Join us in the art studio for an oil-pastel making workshop with Vancouver-based artist, Zoe Ann Cardinal Cire.
As part of her expanded painting and sculpture practice, Cardinal Cire creates her own pigments, paints, and oil pastels using foraged, organic and synthetic materials. Working with pigments on raw canvas, her gestures bind to the warp and weft of the canvas rather than sit atop the surface. These works resist painting conventions, positioning Cardinal Cire’s work within a personal and inherited framework wherein a canvas is a shelter, a painting is a textile, and pigment is the land.
In this workshop, Cardinal Cire will share what she has learned about lake and raw pigments, and provide a hands-on demonstration with linseed oil and beeswax to create oil pastels. Each participant will go home with their own oil-pastel stick and contribute to a sculptural work called “Lac La,” on display in the artist’s exhibition In Plains Air.
The artwork, “Lac La”, is composed of oil-pastel sculptures cast in tin cans. These sculptures refer to food eaten in the bush, and more poetically, to recipes, forms of sustenance, and vessels for berries and medicine from Cardinal Cire’s experiences in the bush on her ancestral homelands on Treaty 6 Territory.
Registration is open to 8 participants. Lunch will be served at 12pm.
This event is free. Please register to attend. If there is anything we can do to support your participation, please reach out to greta hamilton, TD Assistant Curator at [email protected]
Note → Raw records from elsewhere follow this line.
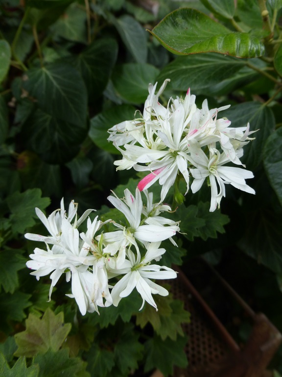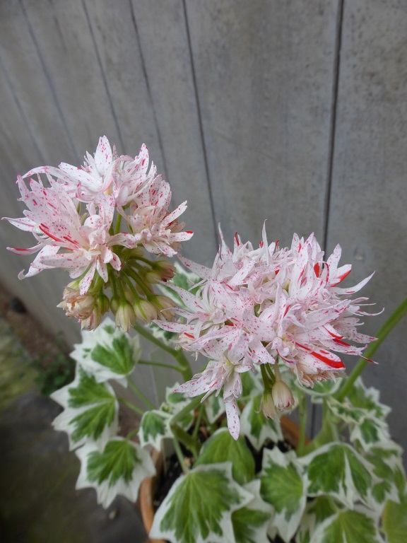 Weiße gefüllte Blüten mit roten Spritzern, graugrünes Laub mit weißem Rand,
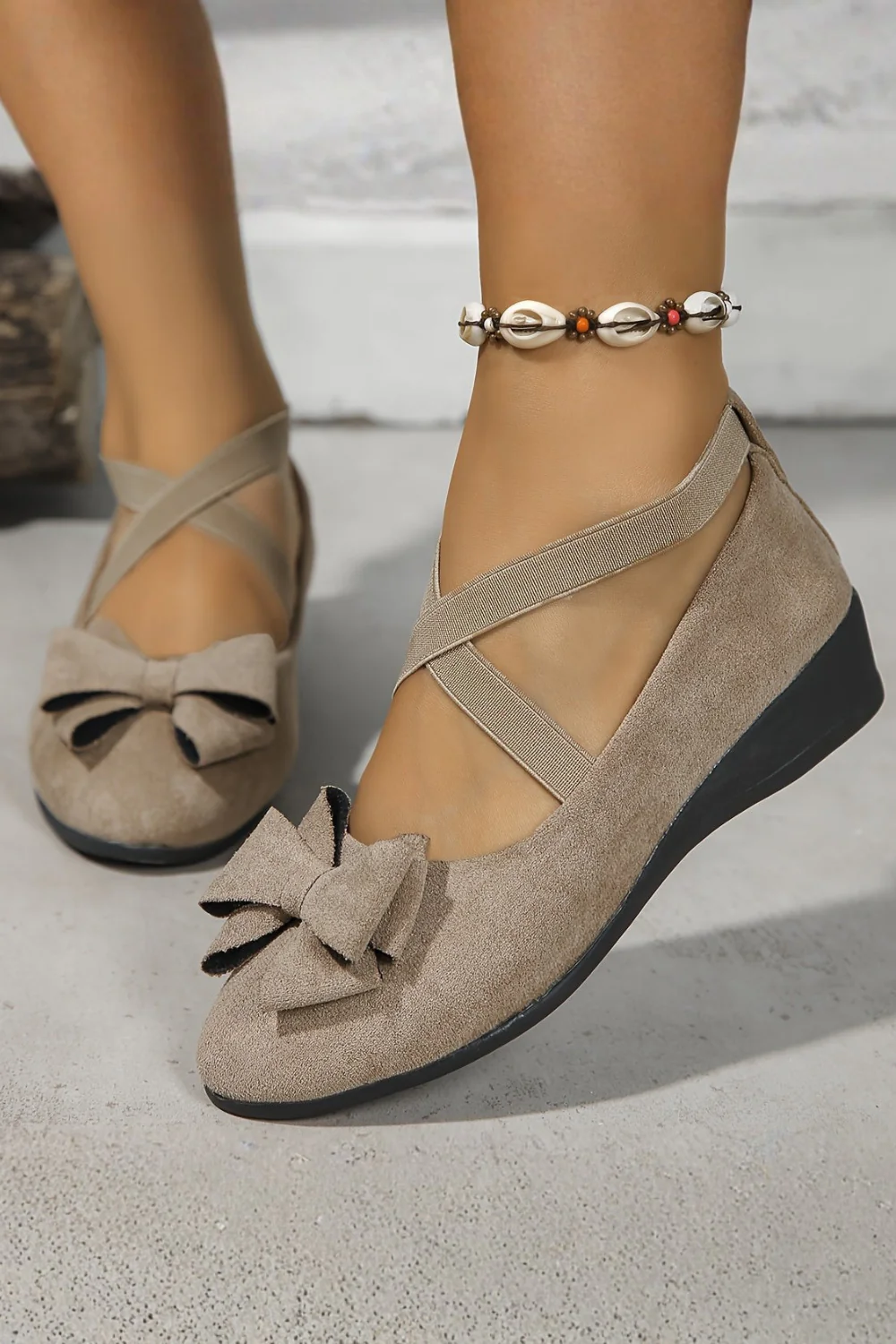 - Semelle compensée offrant stabilité et soutien.
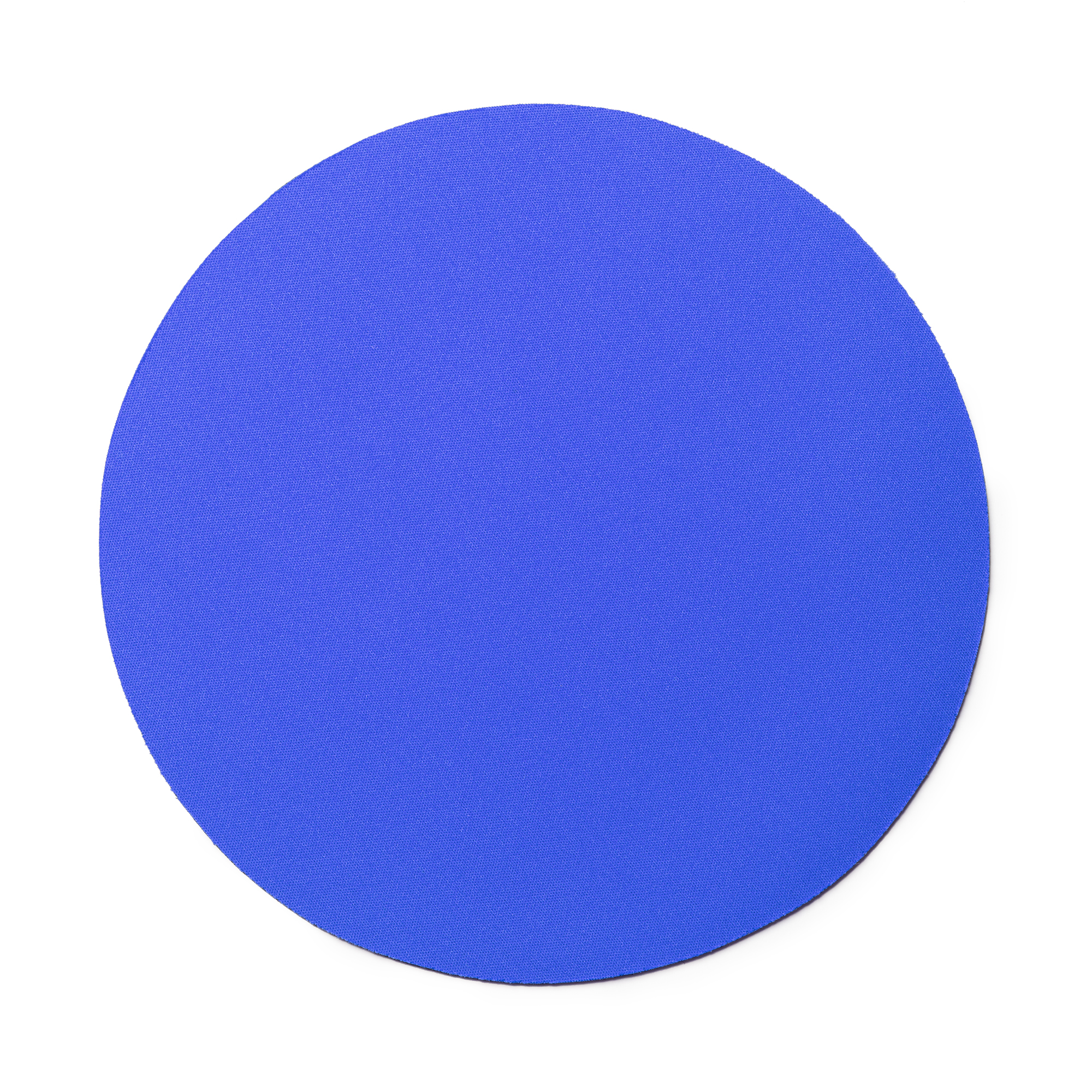 Alfombrilla para ratón de formato redondo, con superficie de suave poliéster y base antideslizante.
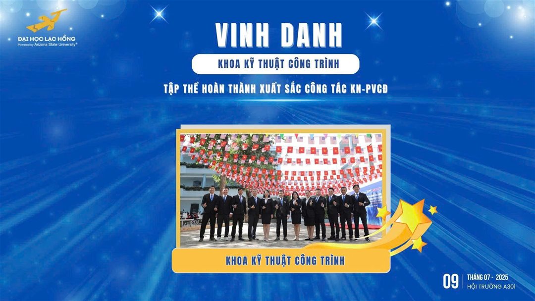 Khoa Kỹ thuật Công trình tiếp tục khẳng định vị thế dẫn đầu khi được vinh danh là đơn vị có thành tích xuất sắc trong công tác quản lý và hỗ trợ hoạt động Khoa học Công nghệ. Nhiều đề tài nghiên cứu thực tiễn của giảng viên và sinh viên đã được ứng dụng, khẳng định giá trị trí tuệ và tính ứng dụng cao của Khoa.
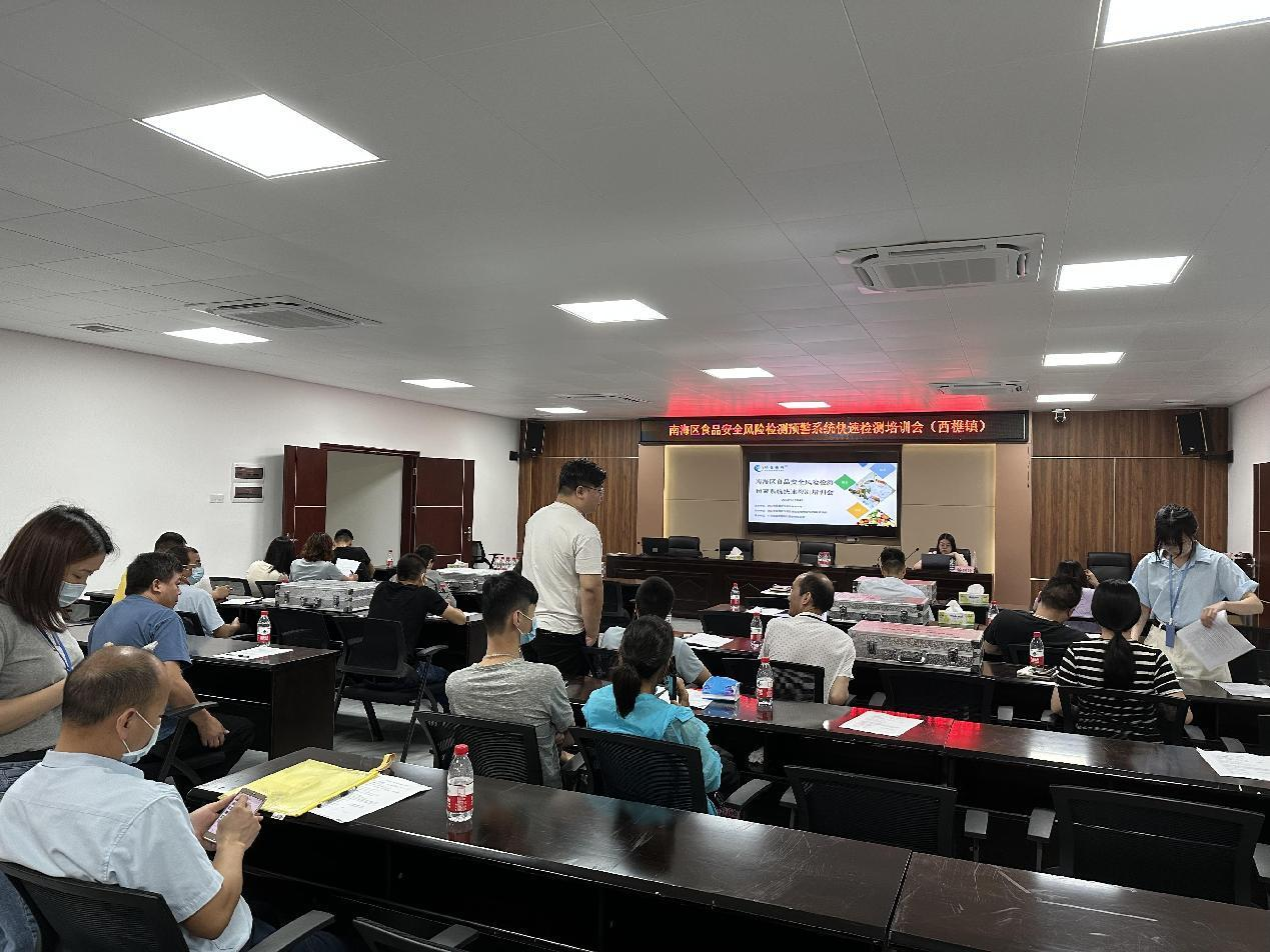 为确保2023年“南海区食品安全检测大数据风险分析系统保障食品安全工作”项目的顺利开展,佛山市南海区市场监督管理局委托广州市瑞森生物科技股份有限公司会同南海区各镇(街道)市场监督管理所于2023年5月5日-19日期间为南海区全区各食品安全风险监测点人员开展食用农产品农药残留快速检测培训工作。本次培训活动由南海区各镇(街道)市场监督管理所与瑞森生物公司共同组织开展。培训活动规模庞大,参加培训的人员为南海区全区各食品安全检测大数据风险分析系统保障食品安全工作项目风险检测点相关操作人员及负责人,培训对象包括了南海区全区7个镇街954个自检单位(含:农贸市场,超市,配送企业,酒店,餐饮店和学校,医院,机关单位,敬老院等单位食堂)。

Following the workshop, participants are invited to stay for an opening reception of In Plains Air, from 1-4pm, which will feature an artist-led tour of the exhibition.
Facilitator Bio Zoe Ann Cardinal Cire is a visual artist born and raised on Treaty 6 territory of central Alberta. Cire’s work talks with the culture that raised her: her kokom’s lineage of Beaver Lake Cree Nation and her moshom’s Métis lineage. These conversations oscillate between the terrains of paint, beads and textiles, focusing on place and enlivening material associations. Here, relations speak about language and memory, where it can be found, and what it says when it reaches.
Zoe Ann Cardinal Cire, Tante, dry earth pigments on raw canvas, 66”x 49”, 2026. Courtesy of the artist.